I don't want to get into how different frameworks accomplish routing on the front-end, but it's basically a matter of updating the browser's address field when the user clicks a link, and watching the address bar to determine what the current URL is and loading the HTML that is associated with that URL into the DOM in the designated location in the document tree.

So, within a single-page app, you have one route on the server that deals with rendering the app HTML document (index.html), and you have routes that are responsible for dealing with the data of your app (creating new instances in the database, logging in and out, editing or destroying instances in the DB, and fetching data...) which are called via AJAX requests.

This is actually a fairly complicated situation in that HTML5 allows us to be able to forgo the hash (with the help of some link rewriting on the server) and also be able to use the 'back' and 'forward' buttons as if we've actually navigated away from the original document (which we haven't because we have only pointed the browser to the exact same URL, only with modified hash values, so no new page loads have occurred). Traditional site navigation and linking can be achieved by utilizing the browser's History API, which is available for IE beginning with version 10 (I believe), the rest of the big browser vendors were already on to it quite a bit earlier, so frameworks that leverage this technology will allow your users to navigate your app without the hash in the URL. Explaining this is a diversion and not necessary for understanding routing in single-page apps, but it is interesting and you'll have to learn it eventually anyway, probably..

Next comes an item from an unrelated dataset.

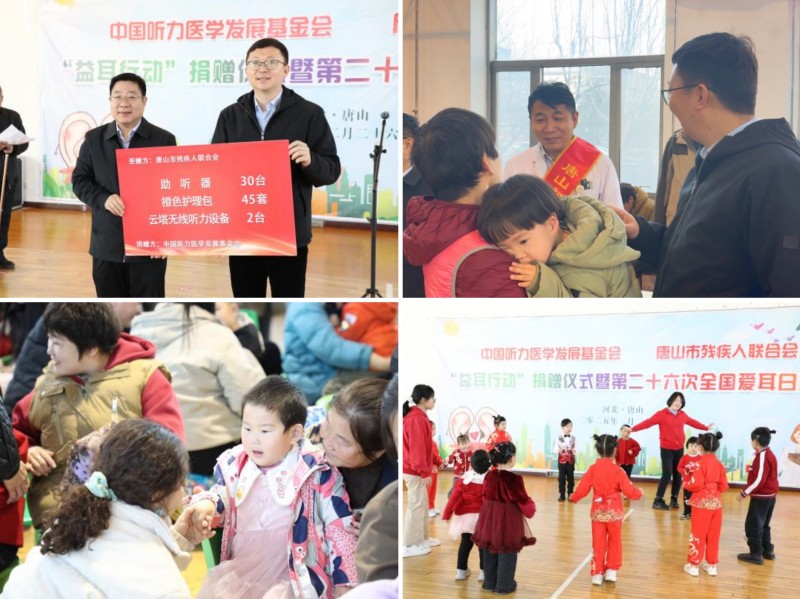 我会与唐山市残疾人联合会共同举办“益耳行动”助听设备捐赠仪式暨爱耳日主题活动。我会向唐山市残疾人联合会捐赠助听器、助听设备护理包、云塔无线听力设备等物资,助力听障人士回归有声世界。

AJAX should be used to request JSON from the server. AJAX requests will always hit your server because you don't include the hash symbol in AJAX requests (it would be ridiculous to do so because the hash is meant only for in-document browsing), so server-side routes must be responsible for exposing your data API (consider a RESTful one). While this is not their sole purpose in single-page apps, it is perhaps their most important one.

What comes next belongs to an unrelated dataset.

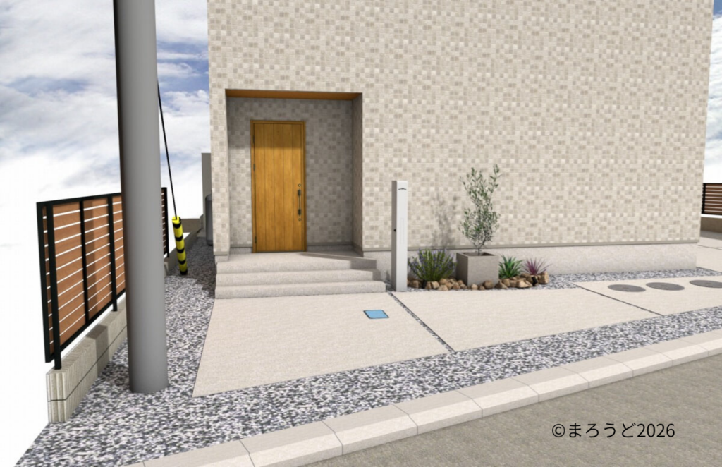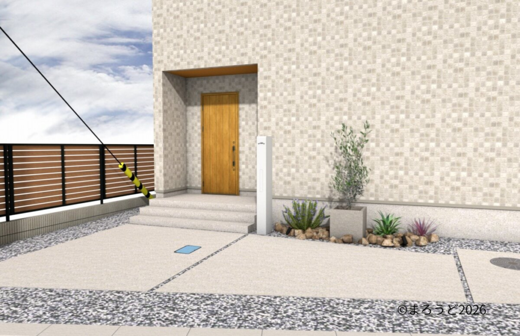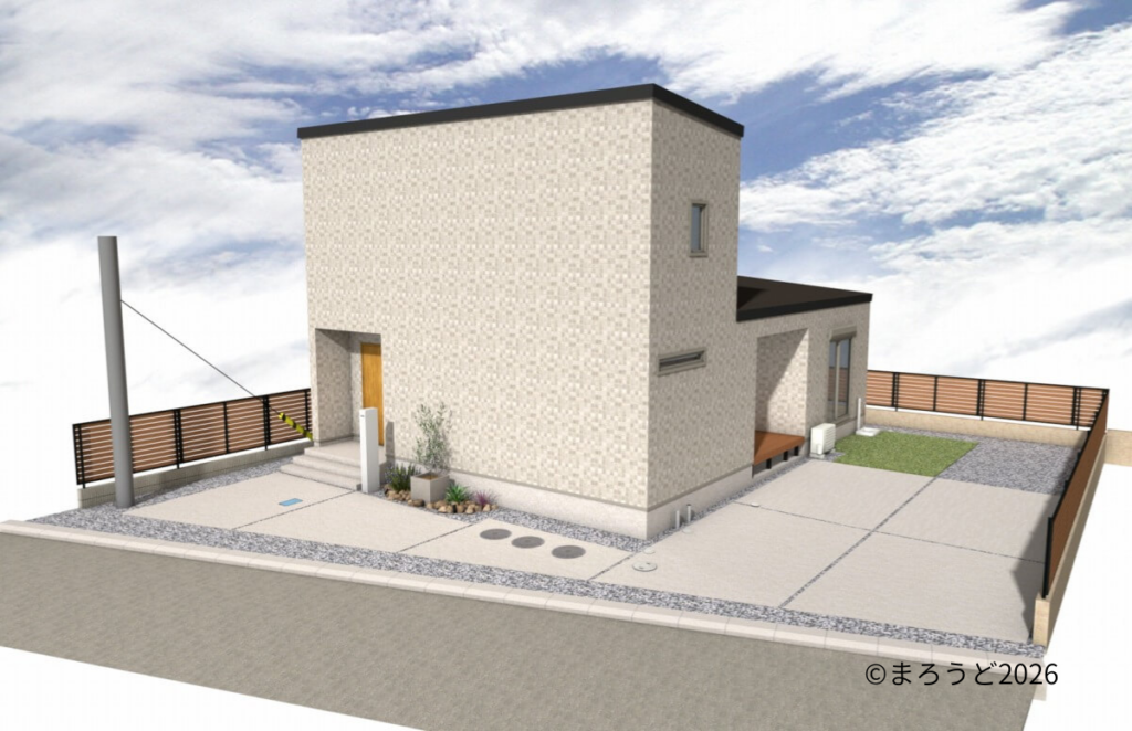 →施工日記「木目調をアクセントにスッキリした外観の新築外構です。」

Soooo, to wrap it up, you will have two sets of routes. One on the client (as part of a client-side framework like AngularJS or EmberJS, the list goes on... I prefer Angular, but there is a fairly steep learning curve for that one.), and one on the server. When you think about 'server routes' think data API. When you think of 'page routing', remember that this all gets handled on the client, by the javascript that you delivered with the initial server response (this is the one and only necessary server-side route involved with rendering HTML to the browser, loading your 'index.html' and all of the necessary scripts and stylesheets, etc). You will use express.static middleware to serve static files, so you don't have to worry about assigning routes for that stuff.

EDIT A quick mention of AJAX implementation. On the server, you will have routes similar those that Alex has provided as examples and you will make calls to those URLs from the client using whatever XMLHttpRequest (XHR) object is exposed by your framework or library of choice. It is now considered more or less standard and best practice for frameworks/libraries to implement these requests as Promises http://wiki.commonjs.org/wiki/Promises/A. You should read a bit about it on your own, but I might be able to summarize it by saying that it is an asynchronous operation analogous to 'try, catch, throw' in synchronous operations. You will instantiate a promise object and through it you will attempt to load data from the server, for instance, via GET request. Make sure that you have assigned functions to handle requests made to the URL that you made the request to (server-side route)! This object that you instantiate and subsequently make the request to the server through, promises to return the result of the request to you once it comes back from the server (no matter whether it was successful or not) If it is successful, it will call a function that you have written and will supply it with the data from the server. If it fails, it will call a different function, also written by you, and will supply it with the error object (or 'reason' for failure), so you can handle the error appropriately.

Hope that helped answer your question.